**Dataset excerpts**
=== Section Start ===

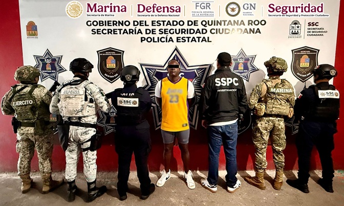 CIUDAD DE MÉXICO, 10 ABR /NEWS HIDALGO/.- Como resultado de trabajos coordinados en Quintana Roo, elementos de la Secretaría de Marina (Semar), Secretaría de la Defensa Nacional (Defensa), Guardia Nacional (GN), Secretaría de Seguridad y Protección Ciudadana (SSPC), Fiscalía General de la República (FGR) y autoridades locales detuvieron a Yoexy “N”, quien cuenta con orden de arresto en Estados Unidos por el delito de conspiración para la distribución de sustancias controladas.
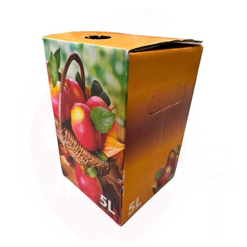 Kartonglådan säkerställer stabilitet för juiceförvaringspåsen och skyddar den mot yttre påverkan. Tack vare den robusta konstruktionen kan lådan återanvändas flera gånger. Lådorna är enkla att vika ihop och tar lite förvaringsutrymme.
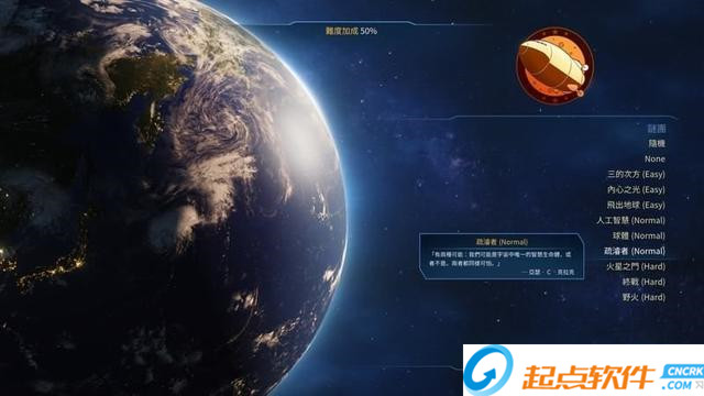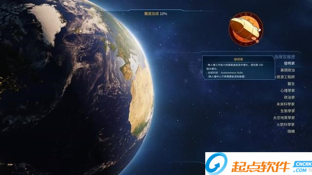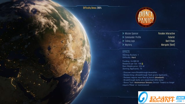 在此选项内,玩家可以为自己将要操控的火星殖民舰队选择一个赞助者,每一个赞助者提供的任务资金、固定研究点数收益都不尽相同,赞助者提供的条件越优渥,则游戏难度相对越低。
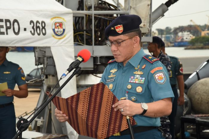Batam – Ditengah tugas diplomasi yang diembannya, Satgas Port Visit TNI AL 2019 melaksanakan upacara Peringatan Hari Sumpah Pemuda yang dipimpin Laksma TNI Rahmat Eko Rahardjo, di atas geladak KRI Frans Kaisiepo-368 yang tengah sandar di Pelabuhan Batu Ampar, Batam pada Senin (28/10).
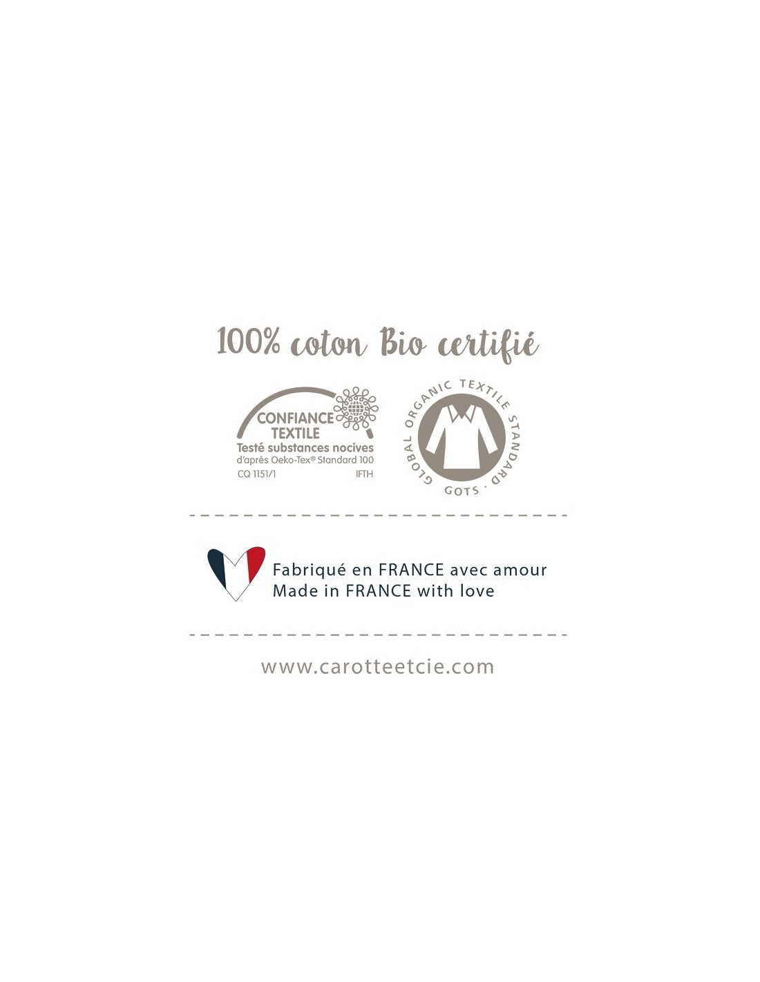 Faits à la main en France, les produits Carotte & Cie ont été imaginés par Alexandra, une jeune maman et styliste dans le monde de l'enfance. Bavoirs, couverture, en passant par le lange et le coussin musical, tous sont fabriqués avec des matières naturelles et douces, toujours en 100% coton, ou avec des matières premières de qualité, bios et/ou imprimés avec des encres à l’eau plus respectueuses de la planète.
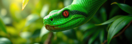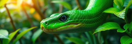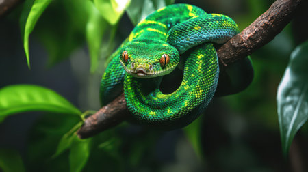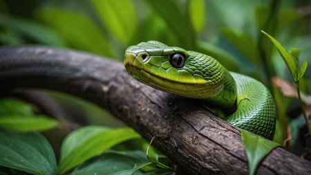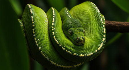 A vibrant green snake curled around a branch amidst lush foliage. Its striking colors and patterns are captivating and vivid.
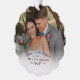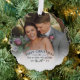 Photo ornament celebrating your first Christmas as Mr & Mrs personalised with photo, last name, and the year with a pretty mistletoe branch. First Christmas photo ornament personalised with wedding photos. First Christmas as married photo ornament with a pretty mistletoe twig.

=== Section End ===
=== Section Start ===

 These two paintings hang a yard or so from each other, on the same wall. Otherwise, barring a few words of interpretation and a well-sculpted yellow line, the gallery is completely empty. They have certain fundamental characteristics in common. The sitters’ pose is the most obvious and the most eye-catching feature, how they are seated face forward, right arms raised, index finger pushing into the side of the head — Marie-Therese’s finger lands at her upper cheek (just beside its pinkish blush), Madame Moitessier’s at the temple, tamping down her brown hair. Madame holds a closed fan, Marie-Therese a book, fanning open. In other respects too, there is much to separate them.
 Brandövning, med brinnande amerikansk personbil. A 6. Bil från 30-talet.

=== Section End ===

**Exercise aim**
Print, exactly, each line above from the one with "A vibrant green" to the one with "Photo ornament celebrating", end lines included. Leave pictures out of it.

**Solution for this task**
 A vibrant green snake curled around a branch amidst lush foliage. Its striking colors and patterns are captivating and vivid.
 Photo ornament celebrating your first Christmas as Mr & Mrs personalised with photo, last name, and the year with a pretty mistletoe branch. First Christmas photo ornament personalised with wedding photos. First Christmas as married photo ornament with a pretty mistletoe twig.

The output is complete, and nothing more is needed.